How Operators and Extractors Work Under-the-Hook
A technical deep-dive on how the Airflow OSS and OpenLineage OSS projects interact.
Overview
Airflow Operators and OpenLineage Extractors have a specific, if quirky, way of working together. Recently, the way they work together has seen a bit of an overhaul, and the new SQL Check Extractors added a new and unique way that the extractors work and interact with operators. In this blog, we'll demystify these relationships.
Note: This blog post describes the relationships of the operators and extractors only for Airflow>=2.3
and OpenLineage>=0.12.0
.
Integration
The Operator and the Extractor
Some quick definitions are in order before we continue.
The Airflow Operator defines a task, which is the unit of work in Airflow. All operators inherit from the BaseOperator
, and in addition to taking the arguments of the BaseOperator
, they can take arguments specific to the kind of task they are going to perform, such as a specific conn_id
to connect to a datasource or a dictionary of checks to perform on that datasource.
The OpenLineage Extractor is somewhat analogous to the Airflow Operator: it is a unit of work in OpenLineage, which takes the relevant input and output data from an operator, creates OpenLineage data facets, and sends those facets to be displayed in Marquez or Datakin. Each extractor maps to a specific set of operators via the get_operator_classnames()
class method. The extractors all inherit from a BaseExtractor
, which defines a few abstract methods, importantly execute()
and execute_on_complete()
.
Briefly, the two other major OpenLineage constructs in this story are the ExtractorManager
, which is responsible for identifying the correct extractor to use, and the Listener
, which is the connecting piece between OpenLineage and Airflow.
Interplay
Next, we'll walk through what happens when an Airflow instance with OpenLineage support runs a DAG, and how that operator data makes it to the Marquez or Datakin UI.
First, a DAG is born. When the DAG is run, the scheduler runs the operators in order by calling their execute()
method. This is the first time the OpenLineage Listener
responds. Triggered by the execute()
event, it calls the Manager
, which identifies the correct extractor based on the task_id
. Then the Extractor
's execute()
method is run, potentially returning lineage data in the form of a metadata object. When the operator is done--either succeeded or failed--, the Listener
calls the Manager
again, and this time the Manager
triggers the Extractor
's execute_on_complete()
method, which may also return metadata based on the result of the task. The metadata object is then sent to Marquez or Datakin, where the data is displayed.
SQL Check Operators/Extractors
The SQLCheckOperators
and SQLCheckExtractors
work slightly differently than the interplay outlined above. The biggest difference is that the SQLCheckExtractors
all inherit from a BaseSqlCheckExtractor
, which in turn dynamically inherits from the appropriate extractor at run time. The appropriate extractor is always some existing SQL database extractor. The BaseSqlCheckExtractor
itself only implements the extract_on_complete()
method by determining whether the super class’s extract()
or extract_on_complete()
method should be run to gather metadata. The _get_input_facets()

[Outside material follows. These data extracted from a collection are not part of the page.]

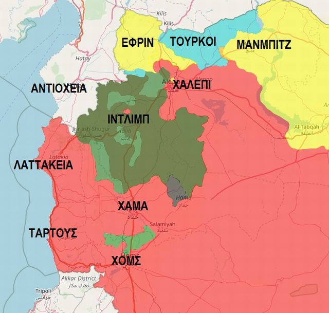 Πολεμικός χάρτης της βορειοδυτικής Συρίας: Με κόκκινο χρώμα τα εδάφη που ελέγχει η κυβέρνηση. Με πράσινο ανοιχτό φιλότουρκοι ισλαμιστές. Με πράσινο σκούρο η συριακή Αλ Κάιντα, η Ταχρίρ Αλ Σαμ. Με κίτρινο οι Κούρδοι και με γαλάζιο οι περιοχές υπό τουρκική κατοχή. Με μαύρο χρώμα ο θύλακας της οργάνωσης Ισλαμικό Κράτος που εμφανίστηκε τις τελευταίες εβδομάδες στην περιοχή σε εδάφη που προηγουμένως έλεγχε η Αλ Κάιντα.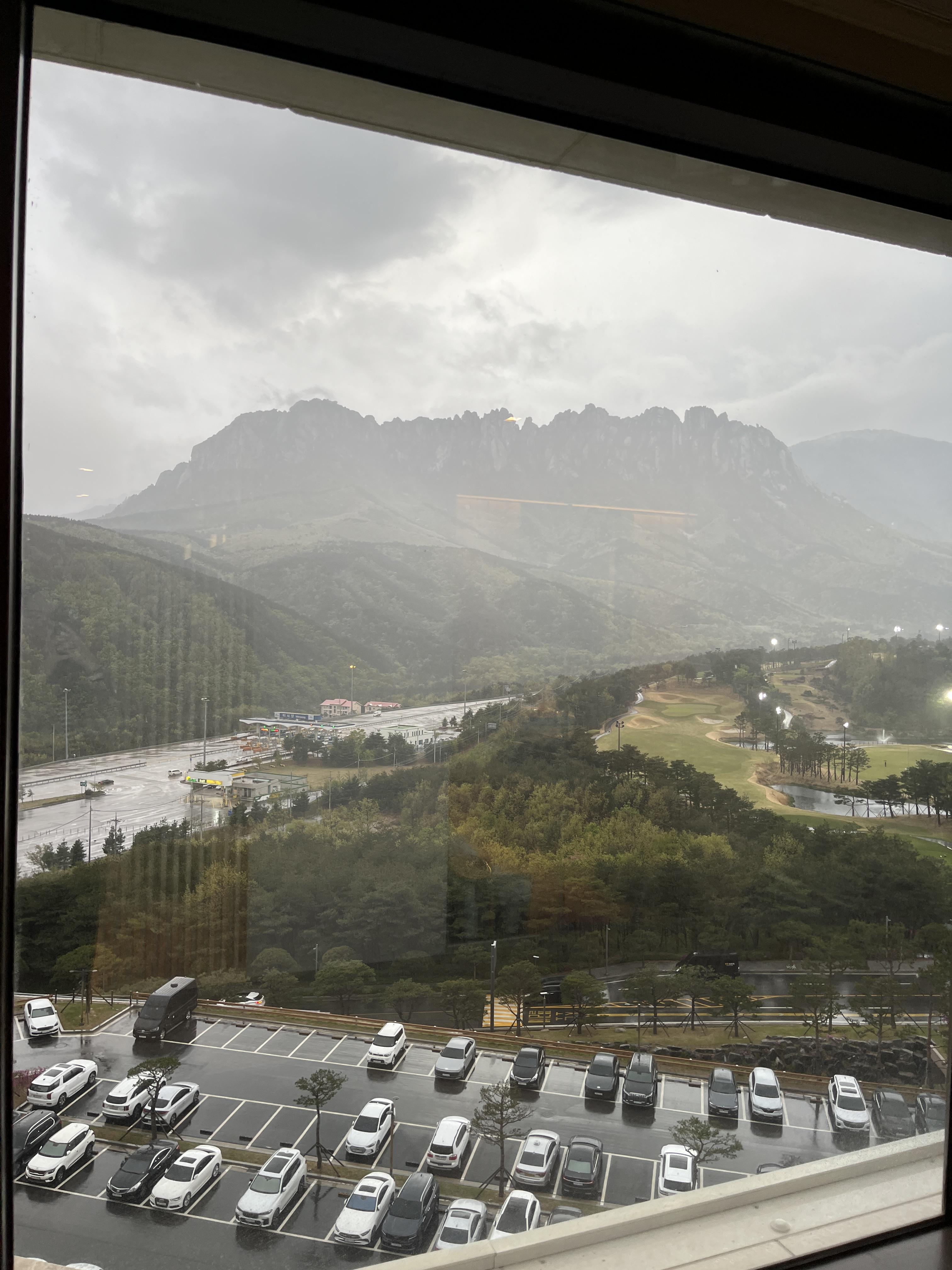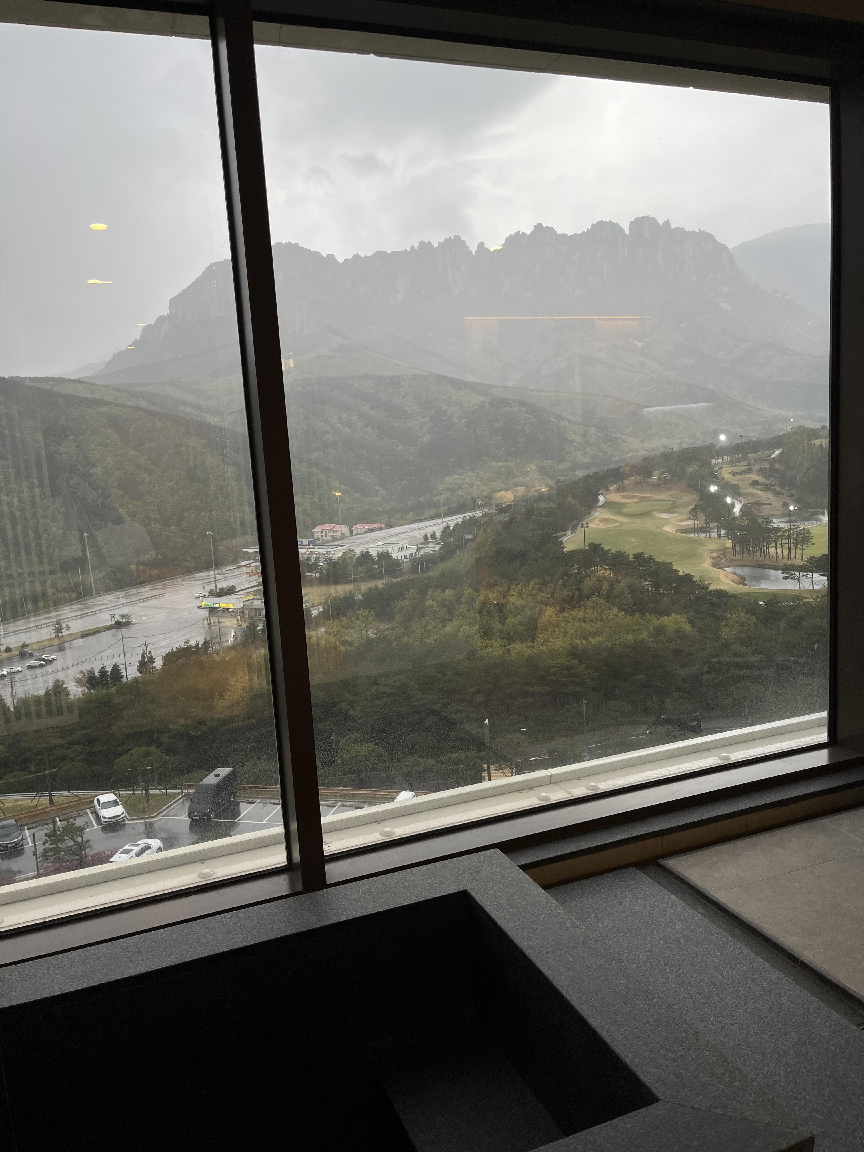 이렇게 울산바위를 정면으로 만나볼 수 있답니다. 심지어 소파에서 앉아있을 때 굉장히 정면에 위치하고 있다는 점이 장점입니다. 실버스위트룸은 좀 더 고층이었는데, 이번에 배정받은 방의 위치가 더 좋습니다. 한 가지 아쉬운 건 날씨가 흐렸지만, 그래도 운치 있는 모습이 좋았습니다.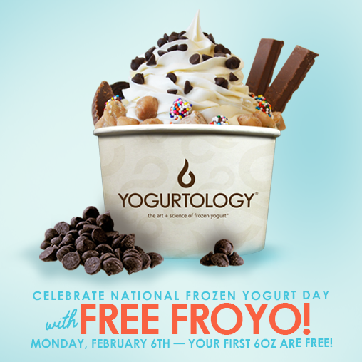 TAMPA, Fla., Feb. 3, 2017 /PRNewswire/ -- On Monday, February 6, 2017, Yogurtology locations throughout the United States will celebrate National Frozen Yogurt Day with the sweetest of deals. Customers may visit a participating location to receive their first six ounces of frozen yogurt free.
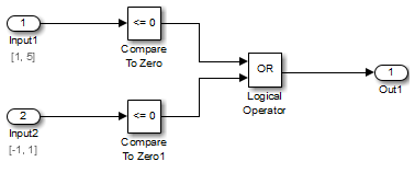 • The output from Input1 is never less than 0, therefore the first input to the Logical Operator block is never false. The objective that the first input to the Logical Operator equals false is unsatisfiable.

methods are all implemented by the particular check extractors, and are called in the super class’s extract()
or extract_on_complete()
method.
The dynamic inheritance is done by defining the SQLCheckExtractors
inside the get_check_extractors()
function that takes a class as a parameter and passes that class to the constructor of the BaseSqlCheckExtractor
. When a SQLCheckOperator
is run, and the Manager
searches for the correct extractor to use, it calls instantiate_abstract_extractors()
with the given task instance.
In this function, the task instance is used to find the correct extractor that will be the superclass of the BaseSqlCheckOperator
. To do this, the function uses a set of hard-coded operator names whose extractors will dynamically inherit from the found superclass. Currently, this list is the set of SQLCheckOperator
s, which corresponds to a dictionary of extractor keys and conn_type
values. The given task’s class name is checked against the set of operator names, and if it is in the set, a loop compares the existing extractor’s corresponding conn_type
from the aforementioned dictionary to the given task instance’s conn_type
retrieved from Airflow connections. If there’s a match, the get_check_extractors()
method is called with the matched extractor, instantiating all the operators with the correct superclass.
The SQLCheckExtractors
only rely on the extract_on_complete()
method, as the values needed from the operators, i.e. the results of the query and the success or failures of the checks, are only available after the operator completes.